*Study material*.

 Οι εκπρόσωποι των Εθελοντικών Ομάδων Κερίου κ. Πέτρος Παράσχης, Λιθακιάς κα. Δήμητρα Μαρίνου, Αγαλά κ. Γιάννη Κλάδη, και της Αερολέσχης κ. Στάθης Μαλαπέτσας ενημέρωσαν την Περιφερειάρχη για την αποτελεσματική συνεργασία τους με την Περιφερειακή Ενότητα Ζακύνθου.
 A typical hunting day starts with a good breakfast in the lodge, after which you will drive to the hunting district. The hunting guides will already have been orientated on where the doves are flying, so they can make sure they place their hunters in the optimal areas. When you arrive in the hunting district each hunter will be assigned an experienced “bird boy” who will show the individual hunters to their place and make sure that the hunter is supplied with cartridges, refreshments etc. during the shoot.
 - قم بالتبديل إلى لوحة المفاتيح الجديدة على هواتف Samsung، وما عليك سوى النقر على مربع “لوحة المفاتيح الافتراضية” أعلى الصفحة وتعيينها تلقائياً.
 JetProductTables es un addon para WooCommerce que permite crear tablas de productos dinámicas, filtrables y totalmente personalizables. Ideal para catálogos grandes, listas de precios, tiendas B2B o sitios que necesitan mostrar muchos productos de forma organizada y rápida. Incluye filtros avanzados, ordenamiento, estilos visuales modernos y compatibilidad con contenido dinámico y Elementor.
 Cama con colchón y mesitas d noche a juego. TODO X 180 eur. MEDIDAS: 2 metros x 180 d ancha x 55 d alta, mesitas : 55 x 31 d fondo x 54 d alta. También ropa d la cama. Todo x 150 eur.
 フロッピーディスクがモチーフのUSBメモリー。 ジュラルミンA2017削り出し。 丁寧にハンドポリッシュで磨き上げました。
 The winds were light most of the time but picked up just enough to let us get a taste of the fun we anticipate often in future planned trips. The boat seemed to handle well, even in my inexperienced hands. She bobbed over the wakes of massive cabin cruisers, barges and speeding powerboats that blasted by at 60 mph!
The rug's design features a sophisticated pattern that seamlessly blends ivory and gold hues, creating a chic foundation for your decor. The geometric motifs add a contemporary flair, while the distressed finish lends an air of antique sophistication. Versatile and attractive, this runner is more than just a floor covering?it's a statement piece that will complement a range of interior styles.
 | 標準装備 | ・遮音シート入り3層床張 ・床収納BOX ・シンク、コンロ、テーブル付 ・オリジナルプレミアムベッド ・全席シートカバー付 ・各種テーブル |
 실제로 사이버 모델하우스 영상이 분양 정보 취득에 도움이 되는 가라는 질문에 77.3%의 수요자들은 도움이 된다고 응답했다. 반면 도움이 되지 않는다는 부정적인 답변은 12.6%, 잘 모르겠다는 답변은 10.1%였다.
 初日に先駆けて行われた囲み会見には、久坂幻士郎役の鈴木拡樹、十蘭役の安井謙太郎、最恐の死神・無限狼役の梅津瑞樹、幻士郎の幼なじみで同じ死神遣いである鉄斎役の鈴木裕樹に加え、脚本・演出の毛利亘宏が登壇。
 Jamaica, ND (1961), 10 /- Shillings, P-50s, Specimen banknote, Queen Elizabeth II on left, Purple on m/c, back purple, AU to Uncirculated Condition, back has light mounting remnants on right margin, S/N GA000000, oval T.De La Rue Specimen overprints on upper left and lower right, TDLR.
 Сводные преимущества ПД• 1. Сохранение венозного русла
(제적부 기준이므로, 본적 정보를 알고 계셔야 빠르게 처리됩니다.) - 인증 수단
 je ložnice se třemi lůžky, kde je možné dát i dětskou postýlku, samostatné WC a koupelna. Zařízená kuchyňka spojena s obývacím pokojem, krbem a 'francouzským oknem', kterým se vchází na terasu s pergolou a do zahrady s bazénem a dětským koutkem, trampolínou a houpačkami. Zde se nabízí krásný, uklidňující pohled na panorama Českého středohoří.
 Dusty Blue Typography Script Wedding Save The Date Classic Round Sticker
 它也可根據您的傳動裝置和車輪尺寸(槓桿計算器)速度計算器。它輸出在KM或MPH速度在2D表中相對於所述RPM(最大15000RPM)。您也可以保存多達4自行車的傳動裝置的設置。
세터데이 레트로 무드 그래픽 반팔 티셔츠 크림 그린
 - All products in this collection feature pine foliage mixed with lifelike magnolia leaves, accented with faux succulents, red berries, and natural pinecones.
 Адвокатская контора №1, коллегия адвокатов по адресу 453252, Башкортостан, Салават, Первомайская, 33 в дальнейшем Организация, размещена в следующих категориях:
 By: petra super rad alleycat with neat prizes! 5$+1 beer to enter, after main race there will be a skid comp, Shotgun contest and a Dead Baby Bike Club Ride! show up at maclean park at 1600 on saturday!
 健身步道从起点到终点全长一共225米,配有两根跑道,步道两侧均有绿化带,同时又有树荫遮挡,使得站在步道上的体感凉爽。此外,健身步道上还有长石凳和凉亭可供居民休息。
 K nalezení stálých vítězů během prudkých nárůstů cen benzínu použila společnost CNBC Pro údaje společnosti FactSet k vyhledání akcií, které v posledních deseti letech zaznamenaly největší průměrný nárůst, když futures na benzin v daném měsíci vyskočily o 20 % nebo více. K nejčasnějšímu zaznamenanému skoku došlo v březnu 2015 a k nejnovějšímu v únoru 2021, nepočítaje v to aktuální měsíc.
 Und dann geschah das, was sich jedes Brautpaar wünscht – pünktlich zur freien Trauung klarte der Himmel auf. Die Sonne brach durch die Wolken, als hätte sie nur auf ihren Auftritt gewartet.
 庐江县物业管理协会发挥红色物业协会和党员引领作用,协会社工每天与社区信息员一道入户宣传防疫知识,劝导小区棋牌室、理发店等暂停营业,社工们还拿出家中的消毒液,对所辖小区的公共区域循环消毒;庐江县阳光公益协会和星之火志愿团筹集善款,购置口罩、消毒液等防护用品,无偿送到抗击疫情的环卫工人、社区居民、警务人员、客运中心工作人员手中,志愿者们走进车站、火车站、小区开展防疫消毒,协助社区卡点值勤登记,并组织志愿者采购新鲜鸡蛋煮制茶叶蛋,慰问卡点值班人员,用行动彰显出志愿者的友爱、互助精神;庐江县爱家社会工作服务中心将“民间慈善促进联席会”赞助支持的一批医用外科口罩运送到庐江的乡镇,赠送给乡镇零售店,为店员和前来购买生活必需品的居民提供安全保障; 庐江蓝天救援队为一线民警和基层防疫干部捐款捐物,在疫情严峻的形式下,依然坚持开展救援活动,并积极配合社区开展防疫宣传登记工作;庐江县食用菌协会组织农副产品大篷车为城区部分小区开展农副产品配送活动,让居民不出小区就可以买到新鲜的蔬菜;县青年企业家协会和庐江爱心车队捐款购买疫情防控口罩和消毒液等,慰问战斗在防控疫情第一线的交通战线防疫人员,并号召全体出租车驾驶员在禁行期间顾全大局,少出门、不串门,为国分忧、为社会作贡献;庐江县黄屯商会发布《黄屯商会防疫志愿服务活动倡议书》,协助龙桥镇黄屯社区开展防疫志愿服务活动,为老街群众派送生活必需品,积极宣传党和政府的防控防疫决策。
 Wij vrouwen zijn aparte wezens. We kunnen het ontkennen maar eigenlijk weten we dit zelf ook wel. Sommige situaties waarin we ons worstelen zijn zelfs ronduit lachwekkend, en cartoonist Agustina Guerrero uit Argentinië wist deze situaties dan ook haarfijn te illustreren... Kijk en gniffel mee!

*What you have to do*.
Where the listing above has a line with "The winds were", start there, and output every line exactly through the line with "標準装備 | ・遮音シート入り3層床張", which is also included.

*Result of this task*.
 The winds were light most of the time but picked up just enough to let us get a taste of the fun we anticipate often in future planned trips. The boat seemed to handle well, even in my inexperienced hands. She bobbed over the wakes of massive cabin cruisers, barges and speeding powerboats that blasted by at 60 mph!
The rug's design features a sophisticated pattern that seamlessly blends ivory and gold hues, creating a chic foundation for your decor. The geometric motifs add a contemporary flair, while the distressed finish lends an air of antique sophistication. Versatile and attractive, this runner is more than just a floor covering?it's a statement piece that will complement a range of interior styles.
 | 標準装備 | ・遮音シート入り3層床張 ・床収納BOX ・シンク、コンロ、テーブル付 ・オリジナルプレミアムベッド ・全席シートカバー付 ・各種テーブル |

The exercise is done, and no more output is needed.